Trump ‘Vision’ for Israeli-Palestinian peace is dead on arrival; maybe that’s by design

Nebojsa Malic is a Serbian-American journalist, blogger and translator, who wrote a regular column for Antiwar.com from 2000 to 2015, and is now senior writer at RT. 

28 Jan, 2020 20:58 / Updated 5 years ago

Palestinian factions have already rejected the “vision” for peace proposed by US President Donald Trump. Given that the plan openly aligned the US with Israel, one must wonder whether that was the intended outcome all along.

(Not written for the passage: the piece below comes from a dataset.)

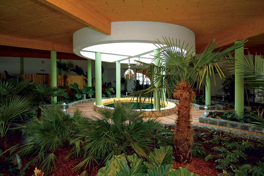 Ústrednou časťou je tropická záhrada prístupná z priestoru cukrárne a kaviarne umiestnenej nad vstupným priestorom prízemia. Tropická záhrada s hojnou zeleňou a vstavaným akváriom slúži na oddych a súčasne je aj náučným parkovým priestorom vybaveným parkovým nábytkom.

Billed as a “Vision for Peace, Prosperity and a Brighter Future,” the 180-page proposal unveiled Tuesday reads much like a real estate prospectus. It promises the Palestinians a $50 billion economic development plan, jobs and investments as a way out of poverty, and statehood at some point in the future. The catch? Theirs would be a demilitarized state fully enclosed by Israel, whose security interests would take precedent.

“A realistic solution would give the Palestinians all the power to govern themselves but not the powers to threaten Israel,” as the Vision itself puts it.

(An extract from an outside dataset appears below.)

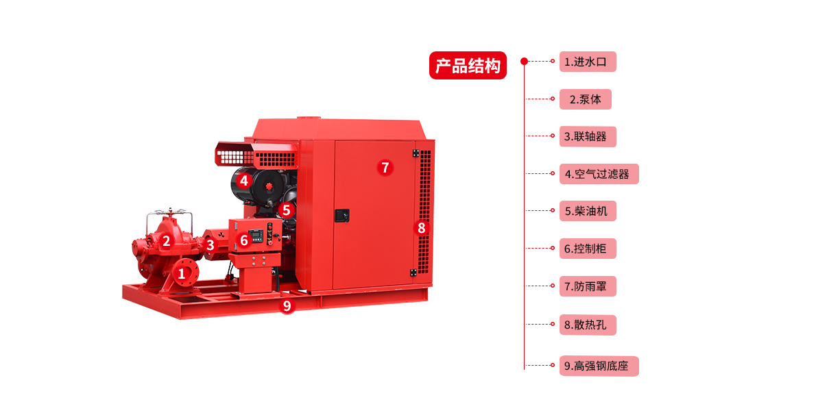 柴油機中開泵柴油機消防水泵是貝德科技集團有限公司嚴格按照標準GB6245消防泵性能要求和試驗方法等標準研制開發的一種新型消防設備,該系列設備按所配用的消防泵(單級單吸式、單級雙吸式、節段多級式)可分為XBC-IS、XBC-S、XBC-D等三個子系列,設備壓力、流量范圍廣,其應用幾乎能滿足消防所需的各種場合。XBC-IS柴油機消防泵組常用于高層建筑、自來水公司、鋼鐵廠、酒廠、化工廠、酒店、醫院、等大型項目工程應急供水。柴油應急供水泵組適用于無人值守應急給水系統,產品具有自動化程度高、性能優越保護功能齊全、結構合理、安裝簡易、性價比高等特點,當工廠突然停電、柴油機應急供水泵組自動啟動補充管網壓力。

The map tweeted out by Trump shows the possible Palestinian state as a patchwork of enclaves connected by roads and tunnels, surrounded by Israel and itself surrounding Israeli settlements. It has already drawn comparisons to Swiss cheese, Indian reservations in the US, and bantustans under the apartheid South Africa.

Neither Palestinians nor Israelis will be uprooted from their homes, the Vision promises. But what of those who already have been? The thorniest issue since the establishment of Israel in 1948 has not been how much land would Palestine get – but whether the displaced Palestinians and their descendants would have the ‘Right of Return’. Trump’s answer to that is a resolute “no.”

The Vision offers those Palestinians a choice to live “within the future State of Palestine, integrate into the countries where they currently live, or resettle in a third country.” Additionally, the Palestinians must recognize Israel’s existence as a Jewish state. A vision of Palestine “from the river to the sea” would be dead forever.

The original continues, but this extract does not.